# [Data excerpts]

BEGIN

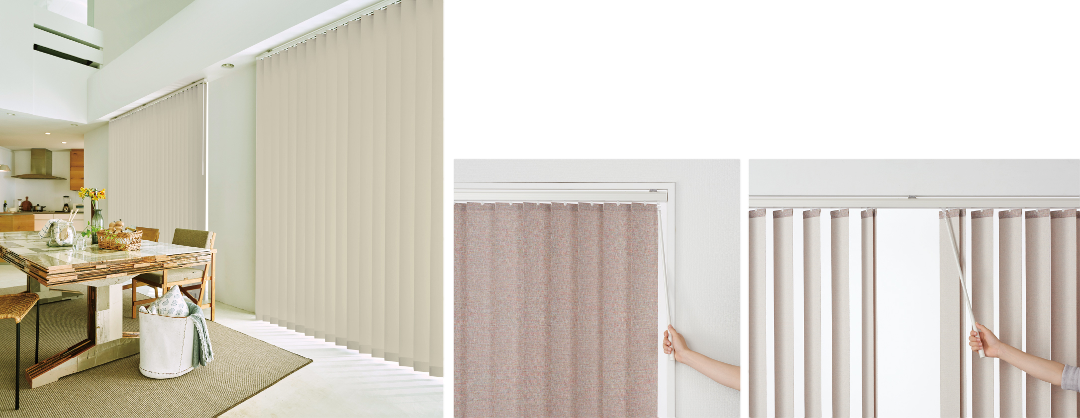 中央の操作バトンで両開き、左右のバトンでルーバーの開閉・回転操作ができる。操作部は小さなお子様の手が届かない高さにあり、ルーバーどうしをつなぐコードも無いため、引っかかる心配がない安全な商品。
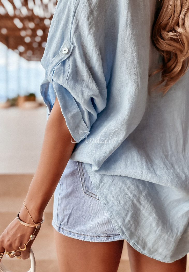 Lekka koszula wykonana z wysokiej jakości, lnianego materiału. Zapinana jest na guziki, posiada kołnierzyk, a także regulację długości rękawów. Oversizowy krój doskonale wpasuje się w luźniejsze stylizacje.
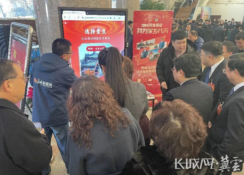 长城新媒体两会直播间互动体验区推出互动作品《2024河北两会 我为家乡代言》,图为代表委员们驻足体验。长城网·冀云客户端记者 林翔 摄
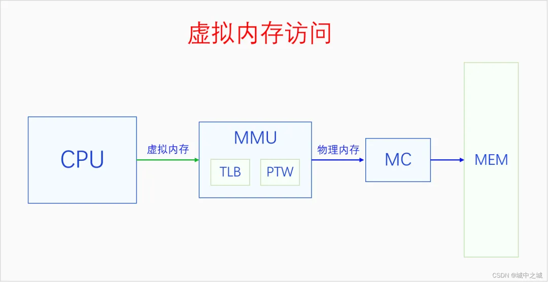 开启分页内存机制之后,CPU访问一切内存都要通过虚拟内存地址访问,CPU把虚拟内存地址发送给MMU,MMU把虚拟内存地址转换为物理内存地址,然后再用物理内存地址通过MC(内存控制器)访问内存。MMU里面有两个部件,TLB和PTW。TLB可以意译地址转换缓存器,它是缓存虚拟地址解析结果的地方。PTW可以意译为虚拟地址解析器,它负责解析页表,把虚拟地址转换为物理地址,然后再送去MC进行访问。同时其转换结果也会被送去TLB进行缓存,下次再访问相同虚拟地址的时候就不用再去解析了,可以直接用缓存的结果。
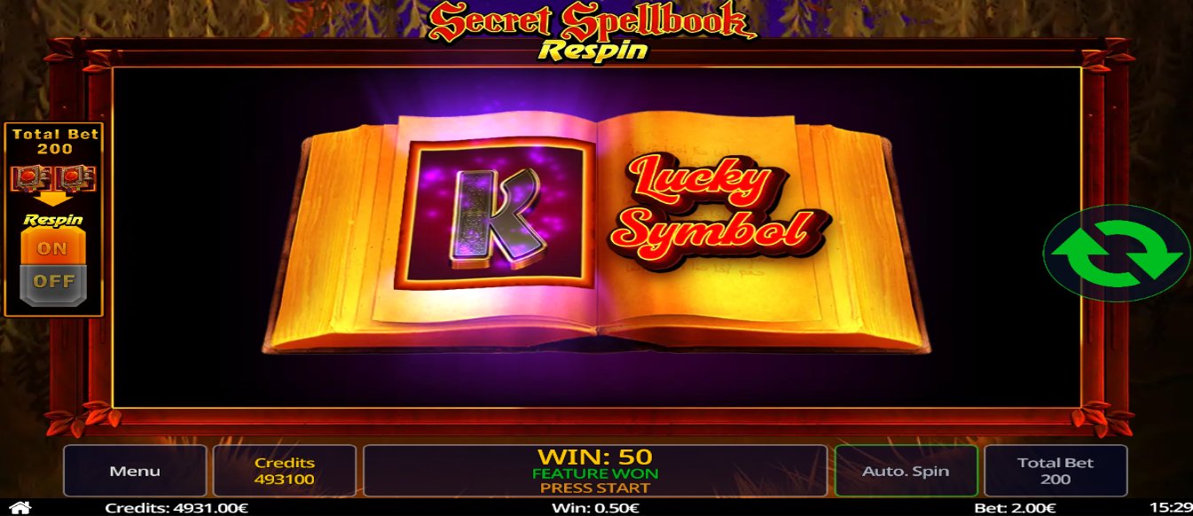 Gambling on Secret Spellbook Respin can result in a €50,000 maximum win!

END

# [What you should do]
Repeat every entry above precisely, leaving each picture out.

# [Response to the task]
 中央の操作バトンで両開き、左右のバトンでルーバーの開閉・回転操作ができる。操作部は小さなお子様の手が届かない高さにあり、ルーバーどうしをつなぐコードも無いため、引っかかる心配がない安全な商品。
 Lekka koszula wykonana z wysokiej jakości, lnianego materiału. Zapinana jest na guziki, posiada kołnierzyk, a także regulację długości rękawów. Oversizowy krój doskonale wpasuje się w luźniejsze stylizacje.
 长城新媒体两会直播间互动体验区推出互动作品《2024河北两会 我为家乡代言》,图为代表委员们驻足体验。长城网·冀云客户端记者 林翔 摄
 开启分页内存机制之后,CPU访问一切内存都要通过虚拟内存地址访问,CPU把虚拟内存地址发送给MMU,MMU把虚拟内存地址转换为物理内存地址,然后再用物理内存地址通过MC(内存控制器)访问内存。MMU里面有两个部件,TLB和PTW。TLB可以意译地址转换缓存器,它是缓存虚拟地址解析结果的地方。PTW可以意译为虚拟地址解析器,它负责解析页表,把虚拟地址转换为物理地址,然后再送去MC进行访问。同时其转换结果也会被送去TLB进行缓存,下次再访问相同虚拟地址的时候就不用再去解析了,可以直接用缓存的结果。
 Gambling on Secret Spellbook Respin can result in a €50,000 maximum win!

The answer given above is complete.